[Source data]

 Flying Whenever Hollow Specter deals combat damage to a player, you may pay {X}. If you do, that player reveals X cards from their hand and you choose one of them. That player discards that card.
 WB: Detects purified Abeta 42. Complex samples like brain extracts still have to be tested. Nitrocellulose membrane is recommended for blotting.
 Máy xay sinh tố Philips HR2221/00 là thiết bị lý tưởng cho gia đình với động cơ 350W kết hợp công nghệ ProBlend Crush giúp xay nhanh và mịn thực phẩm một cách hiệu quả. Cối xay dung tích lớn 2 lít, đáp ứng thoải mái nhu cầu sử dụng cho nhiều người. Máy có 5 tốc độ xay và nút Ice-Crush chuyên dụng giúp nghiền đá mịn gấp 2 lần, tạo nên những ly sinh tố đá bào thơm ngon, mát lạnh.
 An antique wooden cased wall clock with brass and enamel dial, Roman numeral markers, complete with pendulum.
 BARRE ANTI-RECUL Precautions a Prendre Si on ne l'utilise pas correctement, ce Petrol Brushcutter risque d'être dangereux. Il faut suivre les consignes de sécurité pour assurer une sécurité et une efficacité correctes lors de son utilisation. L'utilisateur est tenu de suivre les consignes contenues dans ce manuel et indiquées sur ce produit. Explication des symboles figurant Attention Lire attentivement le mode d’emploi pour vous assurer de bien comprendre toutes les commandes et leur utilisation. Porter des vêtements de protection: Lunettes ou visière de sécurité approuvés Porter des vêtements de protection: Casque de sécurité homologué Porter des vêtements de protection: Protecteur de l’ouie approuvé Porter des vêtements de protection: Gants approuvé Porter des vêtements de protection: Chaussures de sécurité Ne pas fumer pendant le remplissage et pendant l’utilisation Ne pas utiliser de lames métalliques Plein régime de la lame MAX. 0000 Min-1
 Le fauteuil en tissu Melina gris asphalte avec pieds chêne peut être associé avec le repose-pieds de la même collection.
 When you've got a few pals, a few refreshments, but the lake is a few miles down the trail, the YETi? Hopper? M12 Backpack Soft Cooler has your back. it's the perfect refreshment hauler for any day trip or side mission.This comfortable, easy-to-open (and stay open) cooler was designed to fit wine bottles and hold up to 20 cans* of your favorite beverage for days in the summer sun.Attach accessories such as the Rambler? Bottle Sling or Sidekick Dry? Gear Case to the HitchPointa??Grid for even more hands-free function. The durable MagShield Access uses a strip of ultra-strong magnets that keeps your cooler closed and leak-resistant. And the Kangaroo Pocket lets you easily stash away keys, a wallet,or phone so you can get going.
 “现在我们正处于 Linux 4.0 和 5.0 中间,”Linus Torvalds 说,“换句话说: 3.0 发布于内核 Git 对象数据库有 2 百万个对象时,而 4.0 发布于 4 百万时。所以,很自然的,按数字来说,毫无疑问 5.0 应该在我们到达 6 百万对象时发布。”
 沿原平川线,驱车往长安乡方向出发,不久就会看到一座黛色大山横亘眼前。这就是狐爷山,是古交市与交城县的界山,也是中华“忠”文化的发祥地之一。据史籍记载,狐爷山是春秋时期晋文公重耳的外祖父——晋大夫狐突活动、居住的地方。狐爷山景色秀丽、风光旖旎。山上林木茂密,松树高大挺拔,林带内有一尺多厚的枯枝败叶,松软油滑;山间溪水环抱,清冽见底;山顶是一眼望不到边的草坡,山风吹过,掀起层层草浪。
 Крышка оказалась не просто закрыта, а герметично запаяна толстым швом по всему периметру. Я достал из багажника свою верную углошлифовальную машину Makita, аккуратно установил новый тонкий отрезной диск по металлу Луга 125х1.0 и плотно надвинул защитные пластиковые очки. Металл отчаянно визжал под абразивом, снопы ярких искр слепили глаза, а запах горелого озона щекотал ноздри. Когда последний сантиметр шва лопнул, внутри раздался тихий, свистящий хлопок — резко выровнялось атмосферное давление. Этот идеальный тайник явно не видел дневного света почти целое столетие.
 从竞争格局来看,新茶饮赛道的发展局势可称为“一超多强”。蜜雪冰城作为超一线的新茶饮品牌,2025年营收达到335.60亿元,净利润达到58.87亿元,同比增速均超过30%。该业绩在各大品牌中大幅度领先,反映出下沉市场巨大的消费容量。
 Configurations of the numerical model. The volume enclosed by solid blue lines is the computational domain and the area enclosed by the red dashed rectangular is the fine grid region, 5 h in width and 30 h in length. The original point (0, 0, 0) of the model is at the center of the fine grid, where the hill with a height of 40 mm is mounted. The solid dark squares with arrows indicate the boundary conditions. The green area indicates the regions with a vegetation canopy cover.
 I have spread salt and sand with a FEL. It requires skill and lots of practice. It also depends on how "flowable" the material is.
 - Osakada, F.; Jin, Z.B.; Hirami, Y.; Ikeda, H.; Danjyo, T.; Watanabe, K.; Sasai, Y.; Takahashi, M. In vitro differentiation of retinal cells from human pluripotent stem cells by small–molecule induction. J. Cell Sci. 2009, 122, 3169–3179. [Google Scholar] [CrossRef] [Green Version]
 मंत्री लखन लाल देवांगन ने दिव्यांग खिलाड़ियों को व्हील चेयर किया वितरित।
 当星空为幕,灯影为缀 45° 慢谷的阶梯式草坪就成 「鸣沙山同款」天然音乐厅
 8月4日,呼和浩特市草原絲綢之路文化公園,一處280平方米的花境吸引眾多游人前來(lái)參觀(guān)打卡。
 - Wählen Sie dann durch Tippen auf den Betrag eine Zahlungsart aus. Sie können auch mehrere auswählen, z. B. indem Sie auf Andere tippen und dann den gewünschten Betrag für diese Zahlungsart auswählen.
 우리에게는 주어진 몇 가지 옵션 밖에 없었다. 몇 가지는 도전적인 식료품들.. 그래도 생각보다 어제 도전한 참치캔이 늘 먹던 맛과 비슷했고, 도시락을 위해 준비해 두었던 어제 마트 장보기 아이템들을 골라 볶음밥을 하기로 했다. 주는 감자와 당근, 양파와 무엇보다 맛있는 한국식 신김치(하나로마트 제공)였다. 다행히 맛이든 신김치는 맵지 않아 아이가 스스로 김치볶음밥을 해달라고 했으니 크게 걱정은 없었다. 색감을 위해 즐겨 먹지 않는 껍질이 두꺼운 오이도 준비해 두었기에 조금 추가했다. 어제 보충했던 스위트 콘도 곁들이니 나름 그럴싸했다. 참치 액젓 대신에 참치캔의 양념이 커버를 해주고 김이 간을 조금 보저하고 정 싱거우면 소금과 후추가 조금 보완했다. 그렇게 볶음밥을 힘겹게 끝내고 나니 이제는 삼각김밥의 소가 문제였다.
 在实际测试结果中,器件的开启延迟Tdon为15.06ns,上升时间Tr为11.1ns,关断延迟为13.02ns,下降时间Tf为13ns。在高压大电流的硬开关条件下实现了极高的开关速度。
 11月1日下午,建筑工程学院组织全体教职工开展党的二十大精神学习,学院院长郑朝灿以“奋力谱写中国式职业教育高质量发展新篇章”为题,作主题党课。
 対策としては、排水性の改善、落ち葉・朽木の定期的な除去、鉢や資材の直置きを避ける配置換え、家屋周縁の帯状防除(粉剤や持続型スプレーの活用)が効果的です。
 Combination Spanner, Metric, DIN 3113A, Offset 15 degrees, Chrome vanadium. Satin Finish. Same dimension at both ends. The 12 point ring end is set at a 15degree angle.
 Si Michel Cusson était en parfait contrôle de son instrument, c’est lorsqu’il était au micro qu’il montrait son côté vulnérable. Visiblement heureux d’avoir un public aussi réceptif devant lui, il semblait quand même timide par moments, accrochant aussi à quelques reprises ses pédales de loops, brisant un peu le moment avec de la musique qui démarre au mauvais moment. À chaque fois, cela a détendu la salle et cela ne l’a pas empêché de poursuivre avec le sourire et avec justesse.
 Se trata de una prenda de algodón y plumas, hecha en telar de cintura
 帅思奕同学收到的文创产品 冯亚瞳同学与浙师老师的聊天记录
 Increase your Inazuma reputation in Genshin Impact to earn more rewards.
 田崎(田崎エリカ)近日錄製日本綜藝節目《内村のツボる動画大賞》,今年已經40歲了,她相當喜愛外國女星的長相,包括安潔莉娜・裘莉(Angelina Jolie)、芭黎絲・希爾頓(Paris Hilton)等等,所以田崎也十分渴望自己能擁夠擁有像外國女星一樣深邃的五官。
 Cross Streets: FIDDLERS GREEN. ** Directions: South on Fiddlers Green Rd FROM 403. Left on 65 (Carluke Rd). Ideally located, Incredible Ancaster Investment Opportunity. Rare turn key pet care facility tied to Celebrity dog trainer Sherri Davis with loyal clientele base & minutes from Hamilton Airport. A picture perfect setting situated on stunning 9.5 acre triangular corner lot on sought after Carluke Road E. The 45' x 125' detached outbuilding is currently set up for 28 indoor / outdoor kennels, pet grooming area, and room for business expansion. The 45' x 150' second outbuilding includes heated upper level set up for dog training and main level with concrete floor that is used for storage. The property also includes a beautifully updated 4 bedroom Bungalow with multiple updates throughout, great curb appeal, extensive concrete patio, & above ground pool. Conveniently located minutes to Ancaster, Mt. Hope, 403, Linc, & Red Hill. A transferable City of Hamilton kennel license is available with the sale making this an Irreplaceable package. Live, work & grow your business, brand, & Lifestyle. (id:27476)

• [Problem requirements]:
Please reproduce the lines from the line with "- Wählen Sie" to the line with "在实际测试结果中,器件的开启", both ends included, exactly as they appear above.

• [The completed task]:
 - Wählen Sie dann durch Tippen auf den Betrag eine Zahlungsart aus. Sie können auch mehrere auswählen, z. B. indem Sie auf Andere tippen und dann den gewünschten Betrag für diese Zahlungsart auswählen.
 우리에게는 주어진 몇 가지 옵션 밖에 없었다. 몇 가지는 도전적인 식료품들.. 그래도 생각보다 어제 도전한 참치캔이 늘 먹던 맛과 비슷했고, 도시락을 위해 준비해 두었던 어제 마트 장보기 아이템들을 골라 볶음밥을 하기로 했다. 주는 감자와 당근, 양파와 무엇보다 맛있는 한국식 신김치(하나로마트 제공)였다. 다행히 맛이든 신김치는 맵지 않아 아이가 스스로 김치볶음밥을 해달라고 했으니 크게 걱정은 없었다. 색감을 위해 즐겨 먹지 않는 껍질이 두꺼운 오이도 준비해 두었기에 조금 추가했다. 어제 보충했던 스위트 콘도 곁들이니 나름 그럴싸했다. 참치 액젓 대신에 참치캔의 양념이 커버를 해주고 김이 간을 조금 보저하고 정 싱거우면 소금과 후추가 조금 보완했다. 그렇게 볶음밥을 힘겹게 끝내고 나니 이제는 삼각김밥의 소가 문제였다.
 在实际测试结果中,器件的开启延迟Tdon为15.06ns,上升时间Tr为11.1ns,关断延迟为13.02ns,下降时间Tf为13ns。在高压大电流的硬开关条件下实现了极高的开关速度。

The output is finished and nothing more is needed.